When I was in Rio, I lived in Botafogo (and never wore my Corinthians shirt), but was amazed at how easy it was to go by metro to the beaches. Speaking of which, how is the crime in that bus stretch between Barra and Ipanema?
Oh, Red Wiggler, I thought of another possible cultural explanation for poor work ethics: Brazil was one of the last countries to abolish slavery (1888, IIRC). Places like Rio de Janeiro were totally dependent on slaves for stuff to get done - Rio for a long time was a major city with no sewer system, simply because it was far cheaper to get slaves to chuck the contents of the chamber-pots into the surf every morning. I guess it became a habit for society to rely on someone else to do the heavy work; now there are no slaves to do it, so now a lot of the work simply doesn’t get done because nobody can be arsed. The south had much fewer slaves, many places only getting developed after abolition, and so didn’t get that cultural influence.
It’s a guess, anyway.
You’re very welcome, I’m glad this thread took off! I’ve been lurking almost every day since 2000, but I don’t post much. I do try to contribute whenever I see something relevant to South America or another subject I’m confident about.

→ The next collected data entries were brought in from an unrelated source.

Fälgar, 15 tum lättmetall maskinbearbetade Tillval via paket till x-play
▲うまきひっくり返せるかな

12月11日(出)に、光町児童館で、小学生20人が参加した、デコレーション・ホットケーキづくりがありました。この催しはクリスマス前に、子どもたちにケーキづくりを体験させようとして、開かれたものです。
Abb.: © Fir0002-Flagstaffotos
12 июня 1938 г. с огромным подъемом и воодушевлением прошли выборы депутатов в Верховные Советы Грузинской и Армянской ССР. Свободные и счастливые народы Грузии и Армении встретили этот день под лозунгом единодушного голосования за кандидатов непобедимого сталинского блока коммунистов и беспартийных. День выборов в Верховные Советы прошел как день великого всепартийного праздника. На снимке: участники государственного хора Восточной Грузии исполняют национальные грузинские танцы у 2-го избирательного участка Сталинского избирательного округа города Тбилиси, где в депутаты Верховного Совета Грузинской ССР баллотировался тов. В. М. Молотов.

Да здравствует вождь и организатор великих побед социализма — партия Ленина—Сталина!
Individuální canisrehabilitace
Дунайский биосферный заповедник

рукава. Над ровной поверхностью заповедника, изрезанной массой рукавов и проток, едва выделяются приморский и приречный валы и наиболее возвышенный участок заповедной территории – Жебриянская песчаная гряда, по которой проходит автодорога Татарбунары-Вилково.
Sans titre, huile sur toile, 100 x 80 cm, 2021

In South America, in Suriname they speak Dutch, in Guyana English, and French Guyana is still a part of France. But then none of those countries have any exposure or influence whatsoever here. Brazil is “apart” because of the different language, but not an outsider - it’s the undisputed regional power, and MERCOSUR is effectively dominated by Brazil. Everyone generally gets along, and regional tensions (which are real issues, and sometimes violent) are caused by clashes in national interests rather than linguistic or cultural differences, from what I see.

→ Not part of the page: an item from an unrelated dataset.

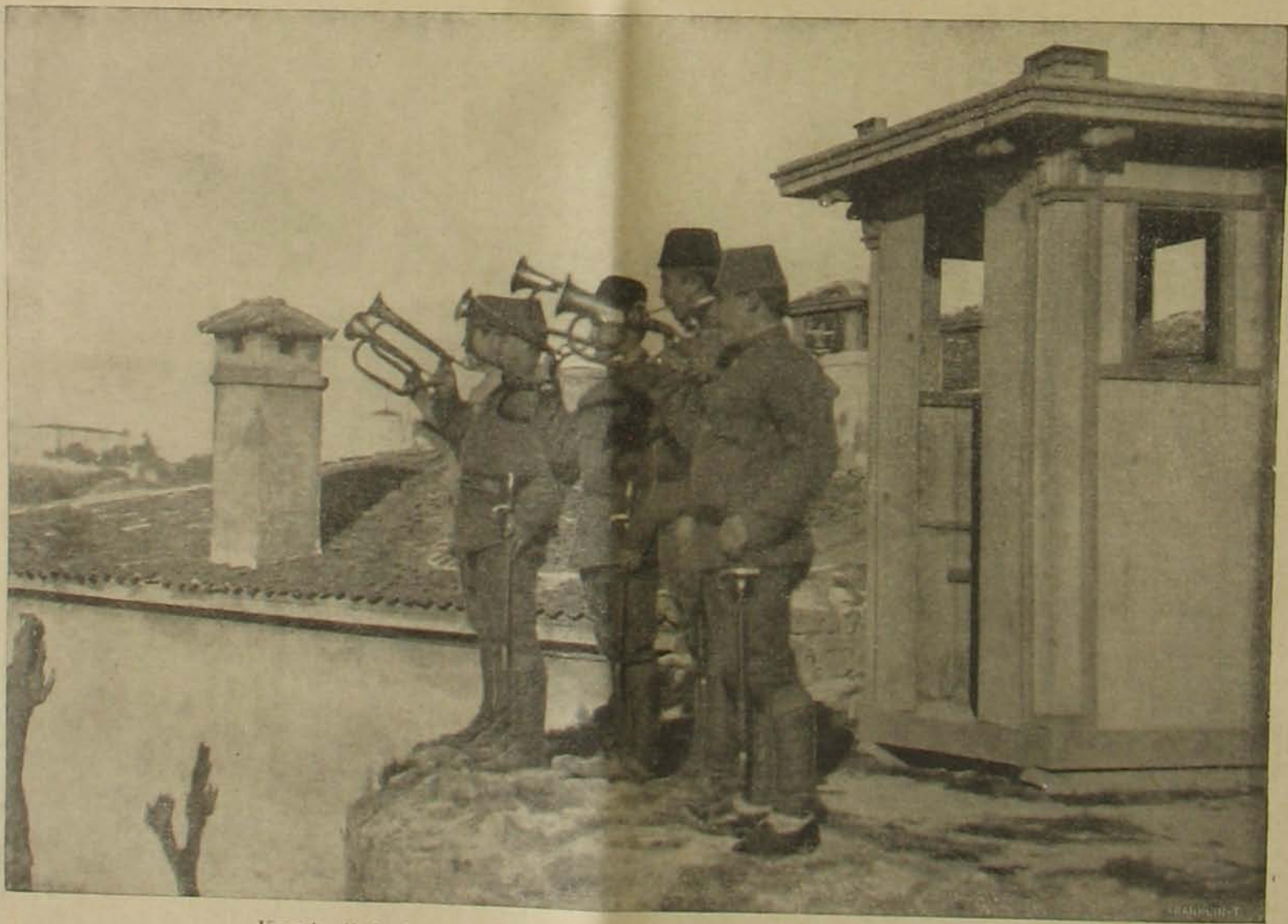
Konstantinápolyban háromszoros trombitajellel kihirdetik a mozgósítást.

Brazilians like to pretend they understand Spanish, and Spanish-speakers who have to deal with Brazilians generally learn enough of the differences to manage. However, there definitely is a bit of a language barrier. Spanish is an obligatory subject in school, but nobody takes it seriously (including the teachers), so nobody learns anything at all. Speaking to my wife about it right now, she commented that the hermanos probably learn more Portuguese than Brazilians learn Spanish.
English is another obligatory subject, but people graduate only knowing how to say “the book is on the table”. That’s not a joke or exaggeration. English is virtually unknown here, even in the tourist industry. Some people at higher levels at businesses learn English (many of them having lived in the US for a while), and many middle-class younger people who are plugged-in to modern technology learn. The attitude is changing a bit - people are accepting that they need to learn English to really get ahead (though that doesn’t translate to studying hard in the courses they pay for, sadly - they pay for a course and expect to learn everything automatically). That’s a decent source of income for my wife and I
I’m delighted you’re enjoying it! Yeah, people still do the multiple phones - TIM, Claro, Oi, and Vivo. I only have one, though. These days, however, they all suck - a while back the feds banned the sale of new SIM cards from one operator each in each state, which they soon backed off of unfortunately, because there’s simply no service. For much of the day I can’t receive or make phone calls, and the data plan for my smartphone rarely works. There’s simply no infrastructure for the number of cell phones these days, and the cell phone carriers are already making such huge profits that there’s no point in expanding alone. Ridiculous, but what can I do.
Yeah, going to the beach by metro is fine if you live in Botafogo or anywhere along that stretch to the centre. Unfortunately there’s a fair bit of bitterness that the upper-middle and upper classes are the only ones well served by the metro system, while the rest of us have to take the bus.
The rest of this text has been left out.